→ WHAT IS BEING ASKED: For every record, give an exact copy that has no pictures in it.

SOURCE INFORMATION START

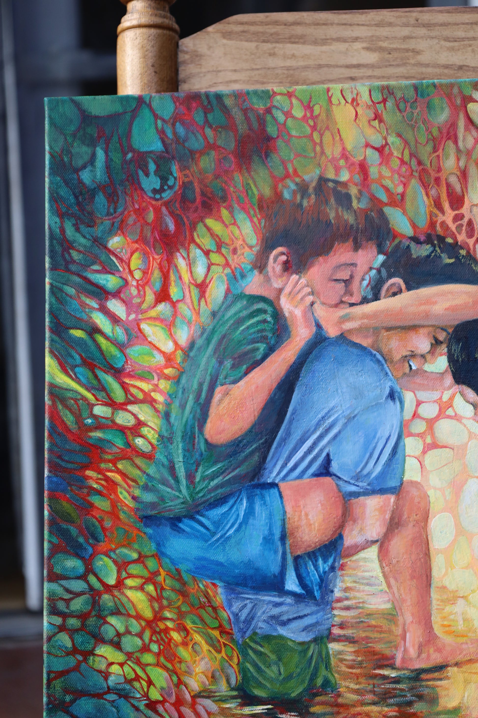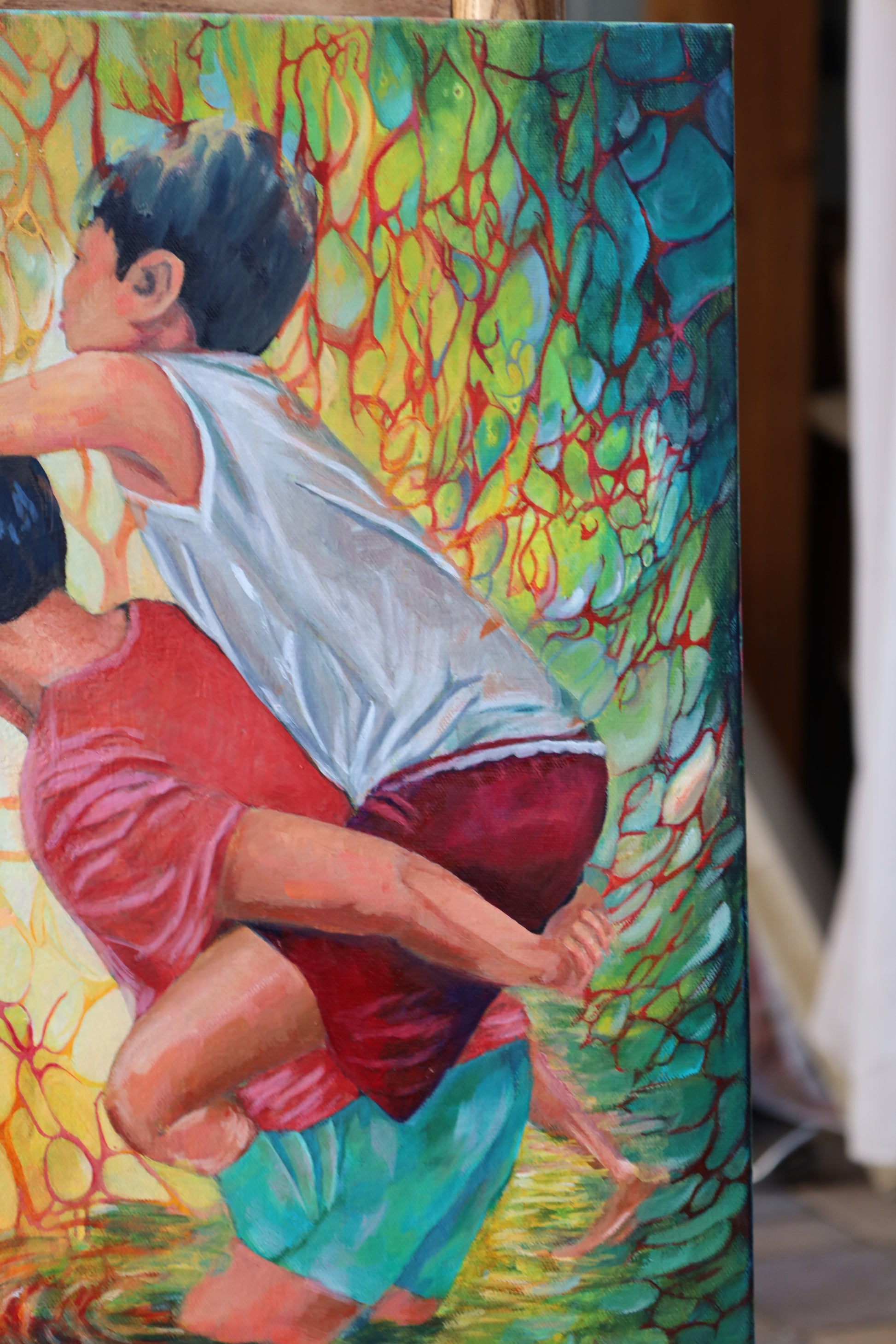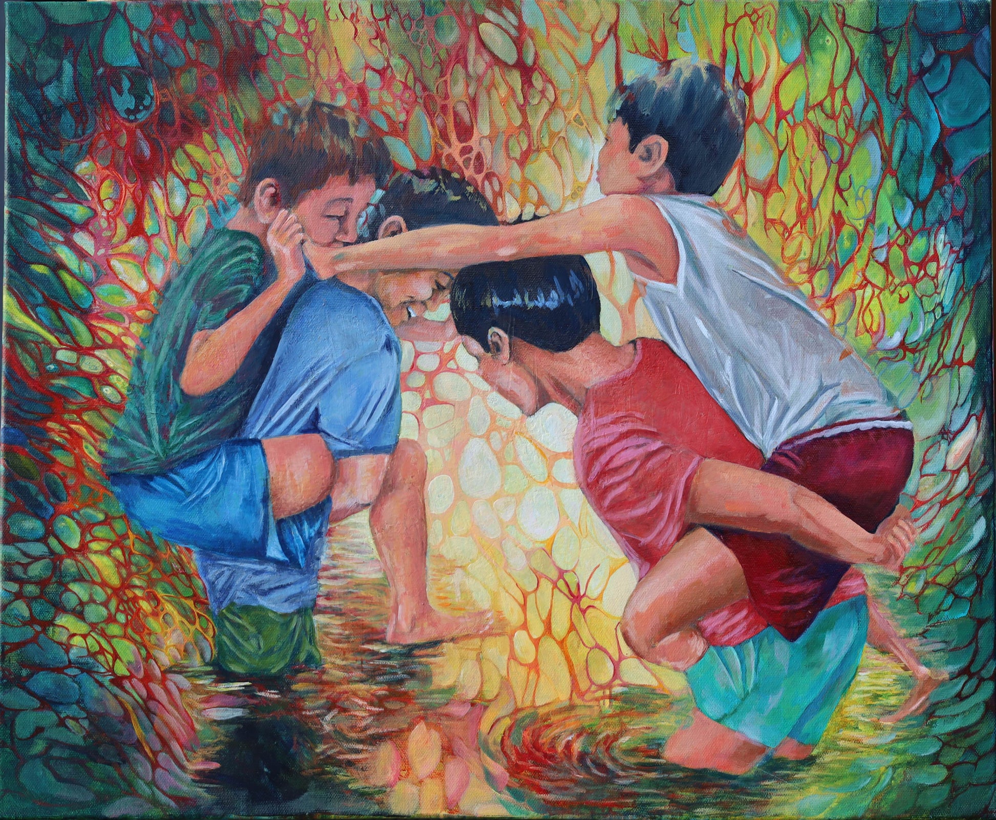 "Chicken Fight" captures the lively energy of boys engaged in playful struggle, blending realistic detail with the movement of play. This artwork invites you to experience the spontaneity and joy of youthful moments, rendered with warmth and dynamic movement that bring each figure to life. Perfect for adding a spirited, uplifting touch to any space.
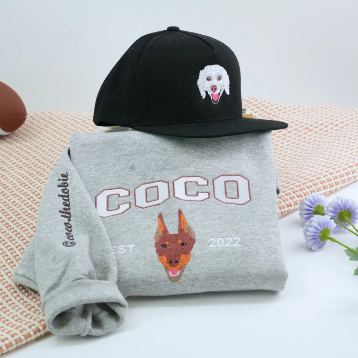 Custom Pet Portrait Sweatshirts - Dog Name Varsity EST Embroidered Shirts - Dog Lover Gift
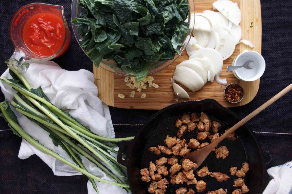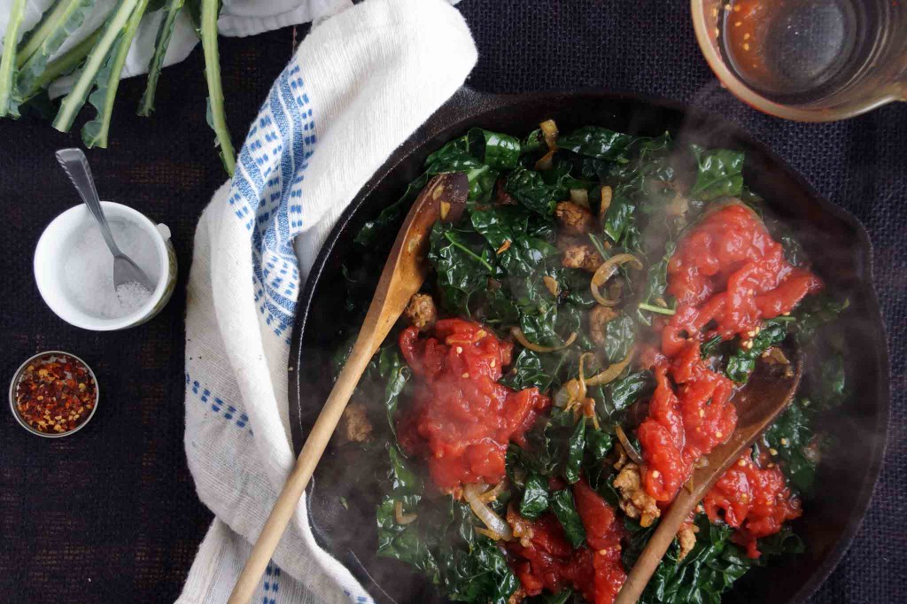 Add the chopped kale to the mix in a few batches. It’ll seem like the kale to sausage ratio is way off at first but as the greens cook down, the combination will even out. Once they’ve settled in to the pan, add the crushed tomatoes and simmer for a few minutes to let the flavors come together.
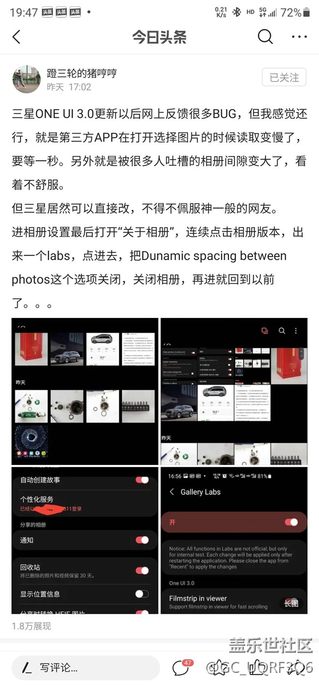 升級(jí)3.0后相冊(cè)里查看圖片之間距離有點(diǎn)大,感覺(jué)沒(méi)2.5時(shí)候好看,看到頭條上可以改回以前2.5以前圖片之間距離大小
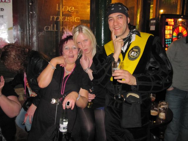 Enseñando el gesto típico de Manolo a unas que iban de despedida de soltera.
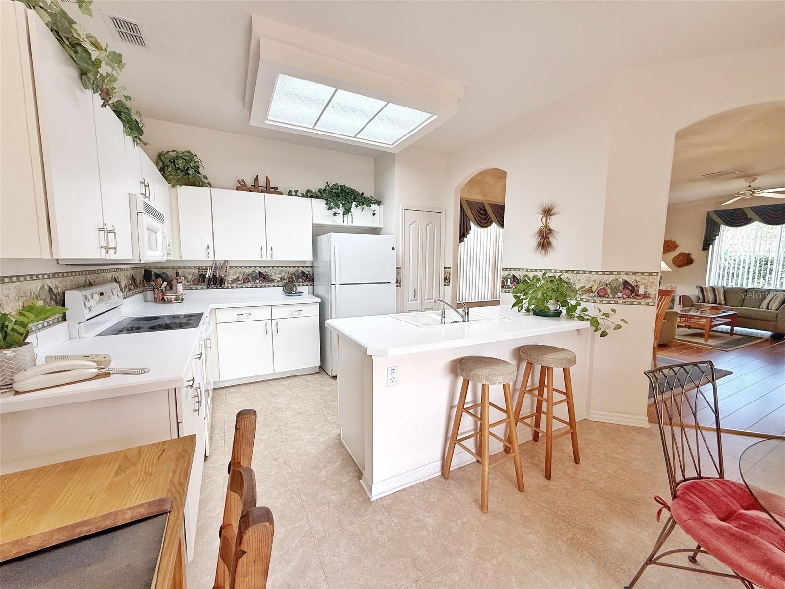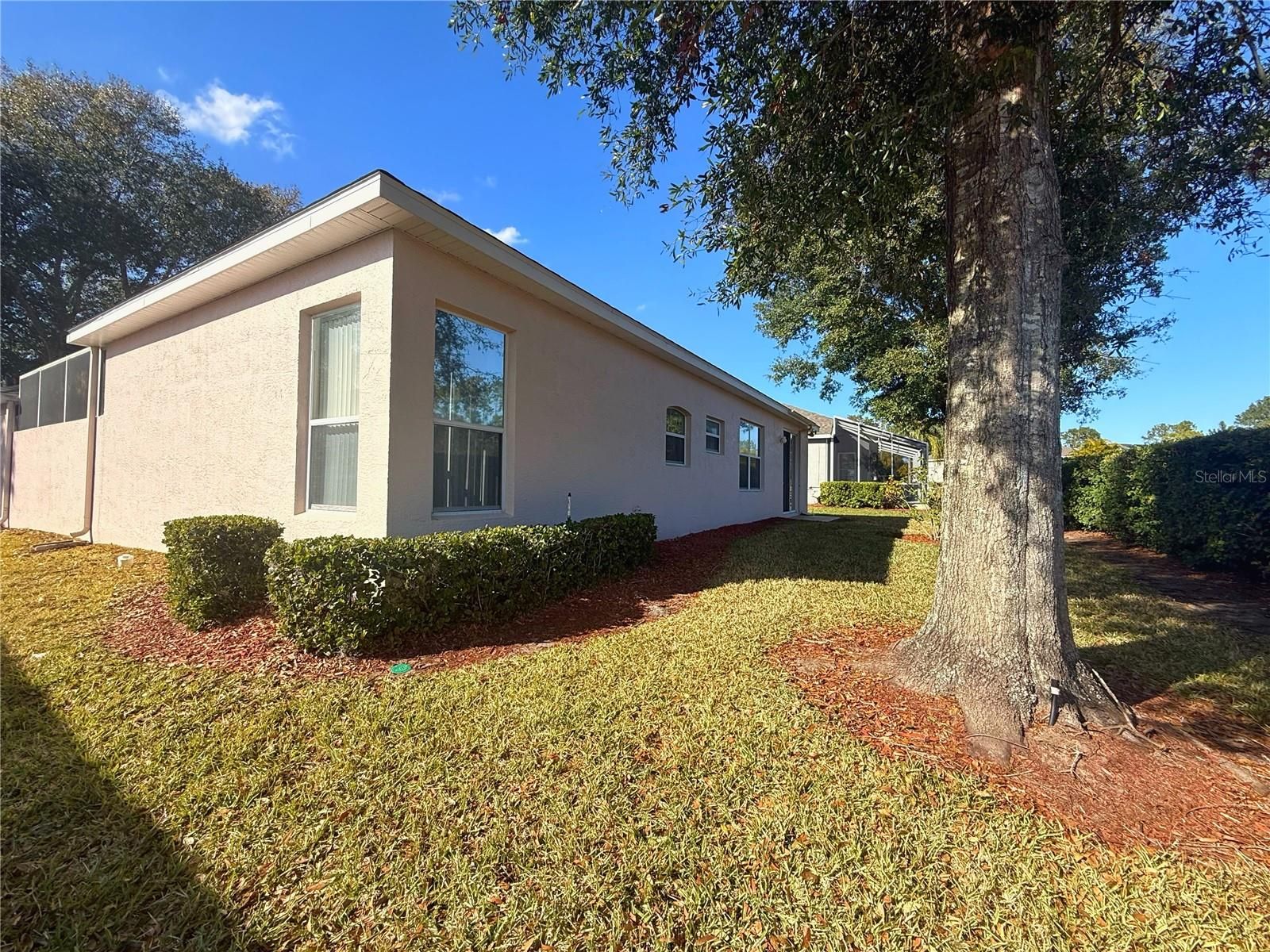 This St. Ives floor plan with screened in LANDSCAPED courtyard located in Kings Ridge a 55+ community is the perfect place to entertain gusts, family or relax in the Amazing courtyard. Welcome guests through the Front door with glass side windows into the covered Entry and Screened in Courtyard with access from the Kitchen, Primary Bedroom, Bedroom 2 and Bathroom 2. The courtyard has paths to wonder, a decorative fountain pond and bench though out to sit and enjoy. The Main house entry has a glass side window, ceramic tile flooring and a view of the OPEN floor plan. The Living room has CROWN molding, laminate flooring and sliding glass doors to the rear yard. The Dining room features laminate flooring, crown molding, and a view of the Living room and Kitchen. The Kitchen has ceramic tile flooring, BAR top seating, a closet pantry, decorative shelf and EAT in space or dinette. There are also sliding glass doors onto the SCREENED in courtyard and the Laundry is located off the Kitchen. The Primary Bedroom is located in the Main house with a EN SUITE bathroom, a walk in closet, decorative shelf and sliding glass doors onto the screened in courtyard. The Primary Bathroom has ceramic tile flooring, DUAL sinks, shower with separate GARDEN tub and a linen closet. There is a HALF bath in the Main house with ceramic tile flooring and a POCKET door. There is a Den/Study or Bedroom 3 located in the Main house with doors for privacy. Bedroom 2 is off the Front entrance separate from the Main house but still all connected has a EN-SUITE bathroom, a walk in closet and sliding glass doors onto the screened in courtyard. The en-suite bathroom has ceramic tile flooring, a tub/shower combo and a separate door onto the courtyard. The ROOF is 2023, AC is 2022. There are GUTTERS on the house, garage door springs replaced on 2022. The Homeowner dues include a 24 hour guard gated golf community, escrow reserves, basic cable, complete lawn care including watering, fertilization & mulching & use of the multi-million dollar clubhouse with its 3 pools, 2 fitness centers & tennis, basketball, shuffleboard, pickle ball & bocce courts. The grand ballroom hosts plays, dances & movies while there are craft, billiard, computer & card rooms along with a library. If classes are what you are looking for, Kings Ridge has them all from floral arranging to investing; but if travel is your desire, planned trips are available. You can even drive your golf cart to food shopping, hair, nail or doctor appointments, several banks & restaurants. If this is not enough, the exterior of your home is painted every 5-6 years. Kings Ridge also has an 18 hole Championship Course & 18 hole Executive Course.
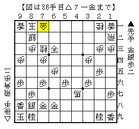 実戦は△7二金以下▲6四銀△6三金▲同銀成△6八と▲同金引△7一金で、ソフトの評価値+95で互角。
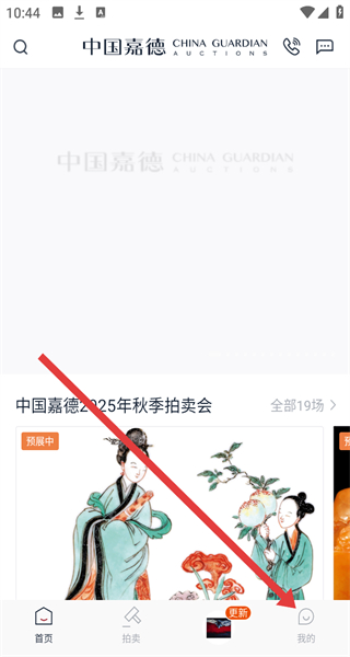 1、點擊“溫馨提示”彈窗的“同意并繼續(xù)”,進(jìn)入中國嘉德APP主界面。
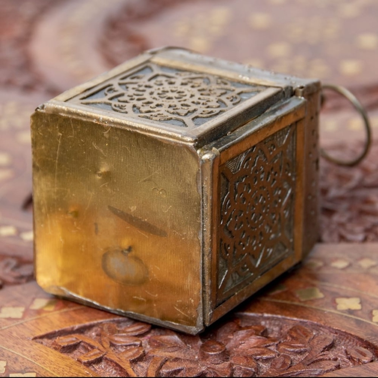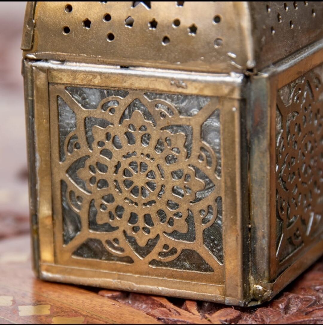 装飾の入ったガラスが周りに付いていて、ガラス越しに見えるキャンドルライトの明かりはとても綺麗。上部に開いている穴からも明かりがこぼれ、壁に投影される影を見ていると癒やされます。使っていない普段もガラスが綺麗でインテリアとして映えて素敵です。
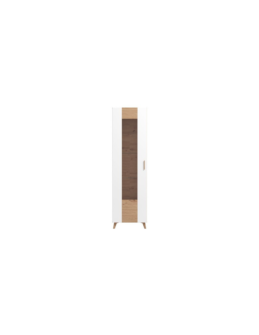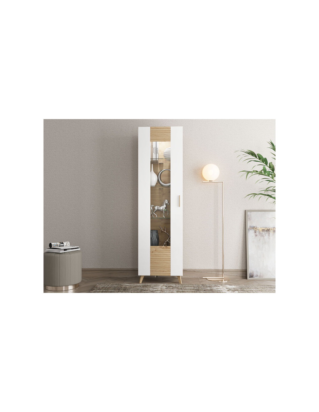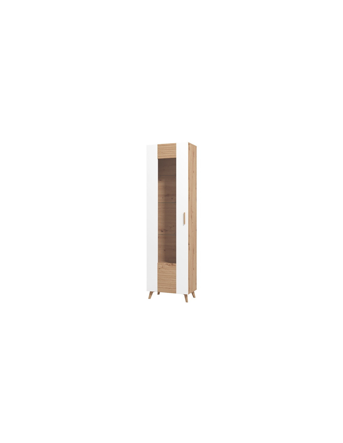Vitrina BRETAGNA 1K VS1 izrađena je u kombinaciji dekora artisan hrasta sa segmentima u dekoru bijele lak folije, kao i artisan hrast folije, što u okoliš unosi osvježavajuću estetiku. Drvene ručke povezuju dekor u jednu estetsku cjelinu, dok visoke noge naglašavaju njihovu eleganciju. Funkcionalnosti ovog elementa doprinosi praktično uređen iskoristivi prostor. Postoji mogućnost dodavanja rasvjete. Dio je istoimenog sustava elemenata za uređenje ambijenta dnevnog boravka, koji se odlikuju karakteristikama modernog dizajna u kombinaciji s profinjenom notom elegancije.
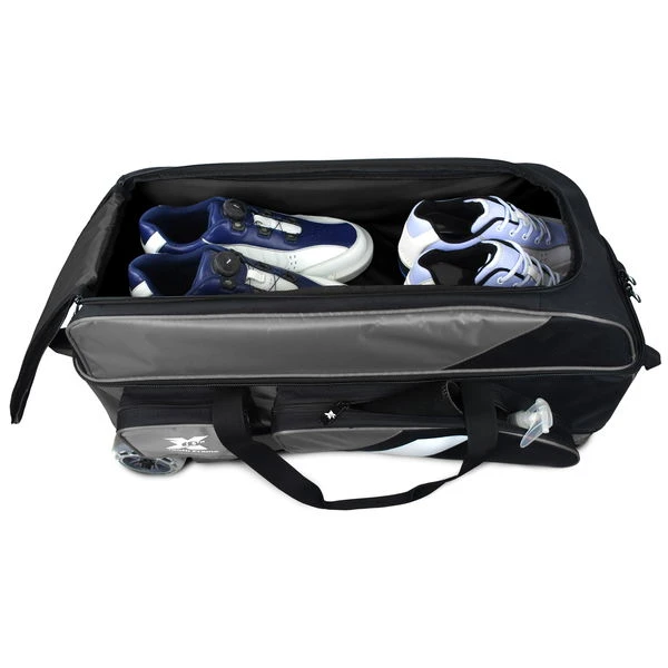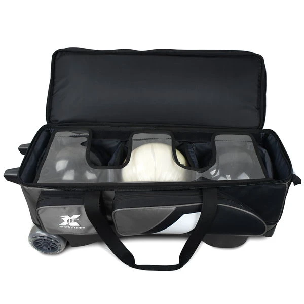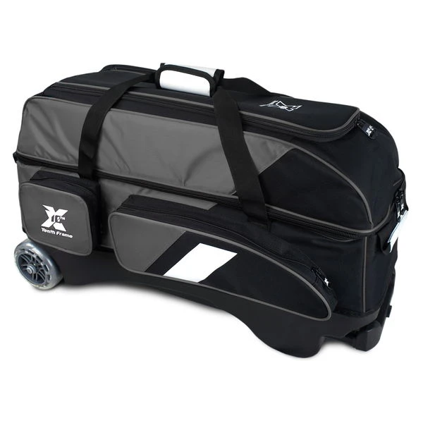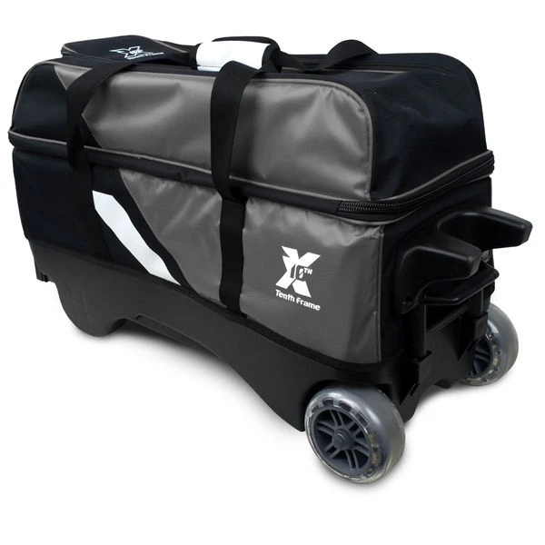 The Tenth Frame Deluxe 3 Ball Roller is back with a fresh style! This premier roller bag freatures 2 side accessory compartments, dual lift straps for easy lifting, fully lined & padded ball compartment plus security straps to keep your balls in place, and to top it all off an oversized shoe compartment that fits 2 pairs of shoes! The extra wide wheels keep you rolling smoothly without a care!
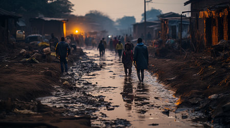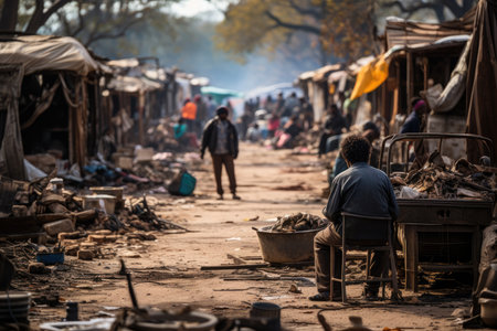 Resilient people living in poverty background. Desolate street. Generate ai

SOURCE INFORMATION END

→ ANSWER:
 "Chicken Fight" captures the lively energy of boys engaged in playful struggle, blending realistic detail with the movement of play. This artwork invites you to experience the spontaneity and joy of youthful moments, rendered with warmth and dynamic movement that bring each figure to life. Perfect for adding a spirited, uplifting touch to any space.
 Custom Pet Portrait Sweatshirts - Dog Name Varsity EST Embroidered Shirts - Dog Lover Gift
 Add the chopped kale to the mix in a few batches. It’ll seem like the kale to sausage ratio is way off at first but as the greens cook down, the combination will even out. Once they’ve settled in to the pan, add the crushed tomatoes and simmer for a few minutes to let the flavors come together.
 升級(jí)3.0后相冊(cè)里查看圖片之間距離有點(diǎn)大,感覺(jué)沒(méi)2.5時(shí)候好看,看到頭條上可以改回以前2.5以前圖片之間距離大小
 Enseñando el gesto típico de Manolo a unas que iban de despedida de soltera.
 This St. Ives floor plan with screened in LANDSCAPED courtyard located in Kings Ridge a 55+ community is the perfect place to entertain gusts, family or relax in the Amazing courtyard. Welcome guests through the Front door with glass side windows into the covered Entry and Screened in Courtyard with access from the Kitchen, Primary Bedroom, Bedroom 2 and Bathroom 2. The courtyard has paths to wonder, a decorative fountain pond and bench though out to sit and enjoy. The Main house entry has a glass side window, ceramic tile flooring and a view of the OPEN floor plan. The Living room has CROWN molding, laminate flooring and sliding glass doors to the rear yard. The Dining room features laminate flooring, crown molding, and a view of the Living room and Kitchen. The Kitchen has ceramic tile flooring, BAR top seating, a closet pantry, decorative shelf and EAT in space or dinette. There are also sliding glass doors onto the SCREENED in courtyard and the Laundry is located off the Kitchen. The Primary Bedroom is located in the Main house with a EN SUITE bathroom, a walk in closet, decorative shelf and sliding glass doors onto the screened in courtyard. The Primary Bathroom has ceramic tile flooring, DUAL sinks, shower with separate GARDEN tub and a linen closet. There is a HALF bath in the Main house with ceramic tile flooring and a POCKET door. There is a Den/Study or Bedroom 3 located in the Main house with doors for privacy. Bedroom 2 is off the Front entrance separate from the Main house but still all connected has a EN-SUITE bathroom, a walk in closet and sliding glass doors onto the screened in courtyard. The en-suite bathroom has ceramic tile flooring, a tub/shower combo and a separate door onto the courtyard. The ROOF is 2023, AC is 2022. There are GUTTERS on the house, garage door springs replaced on 2022. The Homeowner dues include a 24 hour guard gated golf community, escrow reserves, basic cable, complete lawn care including watering, fertilization & mulching & use of the multi-million dollar clubhouse with its 3 pools, 2 fitness centers & tennis, basketball, shuffleboard, pickle ball & bocce courts. The grand ballroom hosts plays, dances & movies while there are craft, billiard, computer & card rooms along with a library. If classes are what you are looking for, Kings Ridge has them all from floral arranging to investing; but if travel is your desire, planned trips are available. You can even drive your golf cart to food shopping, hair, nail or doctor appointments, several banks & restaurants. If this is not enough, the exterior of your home is painted every 5-6 years. Kings Ridge also has an 18 hole Championship Course & 18 hole Executive Course.
 実戦は△7二金以下▲6四銀△6三金▲同銀成△6八と▲同金引△7一金で、ソフトの評価値+95で互角。
 1、點擊“溫馨提示”彈窗的“同意并繼續(xù)”,進(jìn)入中國嘉德APP主界面。
 装飾の入ったガラスが周りに付いていて、ガラス越しに見えるキャンドルライトの明かりはとても綺麗。上部に開いている穴からも明かりがこぼれ、壁に投影される影を見ていると癒やされます。使っていない普段もガラスが綺麗でインテリアとして映えて素敵です。
Vitrina BRETAGNA 1K VS1 izrađena je u kombinaciji dekora artisan hrasta sa segmentima u dekoru bijele lak folije, kao i artisan hrast folije, što u okoliš unosi osvježavajuću estetiku. Drvene ručke povezuju dekor u jednu estetsku cjelinu, dok visoke noge naglašavaju njihovu eleganciju. Funkcionalnosti ovog elementa doprinosi praktično uređen iskoristivi prostor. Postoji mogućnost dodavanja rasvjete. Dio je istoimenog sustava elemenata za uređenje ambijenta dnevnog boravka, koji se odlikuju karakteristikama modernog dizajna u kombinaciji s profinjenom notom elegancije.
 The Tenth Frame Deluxe 3 Ball Roller is back with a fresh style! This premier roller bag freatures 2 side accessory compartments, dual lift straps for easy lifting, fully lined & padded ball compartment plus security straps to keep your balls in place, and to top it all off an oversized shoe compartment that fits 2 pairs of shoes! The extra wide wheels keep you rolling smoothly without a care!
 Resilient people living in poverty background. Desolate street. Generate ai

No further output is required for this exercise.